►

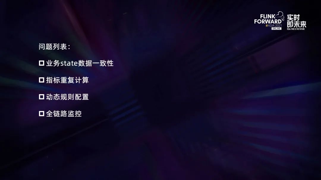 业务 State 数据一致性、指标重复计算问题、动态规则配置以及全链路监控监控问题。
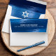 When you send out this cool, unique, modern, personalized coordinating Bar Mitzvah invitation envelope you’ll definitely stand out in the daily mail. The outside back flap of this white and navy blue envelope boasts bold, white typography overlaying faux metallic light blue brush strokes overlaying a rich, navy blue ombre background. The inside lining finds a surprise, graphic visual of a bold, white Star of David overlaying more metallic light blue brush strokes on navy blue. Personalize the return address with your Bar Mitzvah’s information. Matching and coordinating invites, thank you notes, banners, stickers and other Bar Mitzvah goodies are also available in this trendy and special collection.
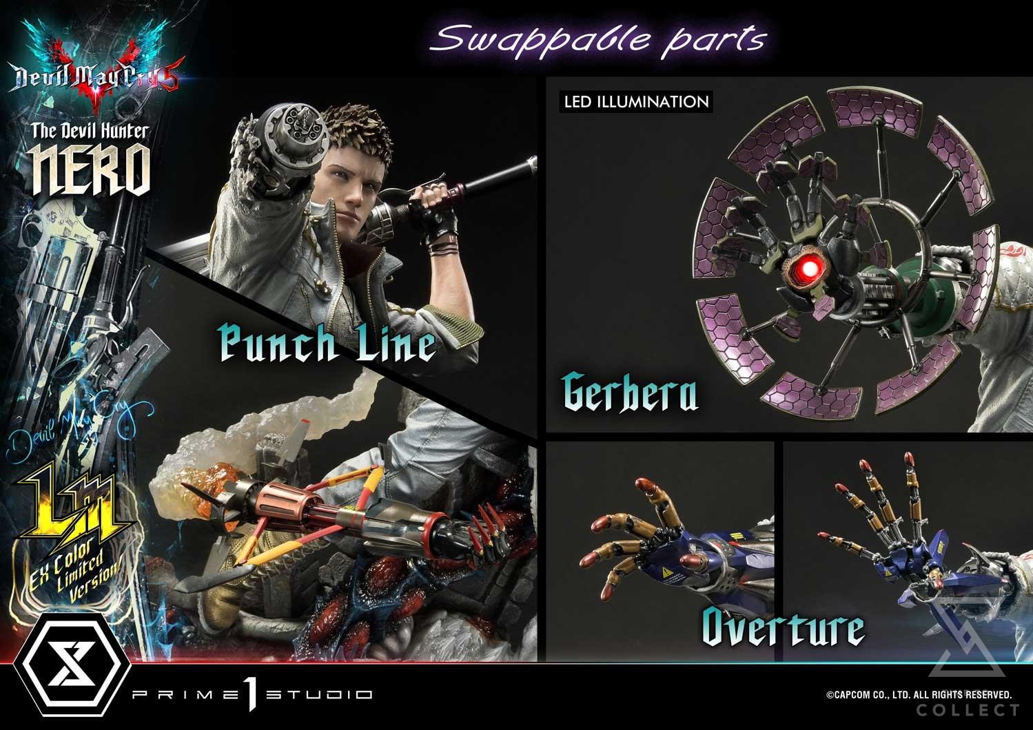 Prime 1 Studio is proud to present and incredible addition to our Ultimate Premium Masterline series: the 1:4 scale UPMDMCV-01LM Nero EX Color Version from Devil May Cry V! Outfitted in a stunning white and gold ensemble, sandy-haired Nero is at it again with his multiple Devil Breakers! Set on a stunning Qlipoth Base, this dynamic 28-inch-tall Nero dazzles in action mode as he brandishes all the tools of his craft. Clothed in his alternate, all-white, unlockable outift, this Nero looks both stylish and deadly. This EX Color Limited Version packs a punch with four (4) swappable right arms, two (2) swappable left forearm, and a freestanding Green Orb, all included in this magnificent set!

◄

● **Exercise brief**
Please output the data above exactly as given, omitting every picture.

● **Response to this task**
 业务 State 数据一致性、指标重复计算问题、动态规则配置以及全链路监控监控问题。
 When you send out this cool, unique, modern, personalized coordinating Bar Mitzvah invitation envelope you’ll definitely stand out in the daily mail. The outside back flap of this white and navy blue envelope boasts bold, white typography overlaying faux metallic light blue brush strokes overlaying a rich, navy blue ombre background. The inside lining finds a surprise, graphic visual of a bold, white Star of David overlaying more metallic light blue brush strokes on navy blue. Personalize the return address with your Bar Mitzvah’s information. Matching and coordinating invites, thank you notes, banners, stickers and other Bar Mitzvah goodies are also available in this trendy and special collection.
 Prime 1 Studio is proud to present and incredible addition to our Ultimate Premium Masterline series: the 1:4 scale UPMDMCV-01LM Nero EX Color Version from Devil May Cry V! Outfitted in a stunning white and gold ensemble, sandy-haired Nero is at it again with his multiple Devil Breakers! Set on a stunning Qlipoth Base, this dynamic 28-inch-tall Nero dazzles in action mode as he brandishes all the tools of his craft. Clothed in his alternate, all-white, unlockable outift, this Nero looks both stylish and deadly. This EX Color Limited Version packs a punch with four (4) swappable right arms, two (2) swappable left forearm, and a freestanding Green Orb, all included in this magnificent set!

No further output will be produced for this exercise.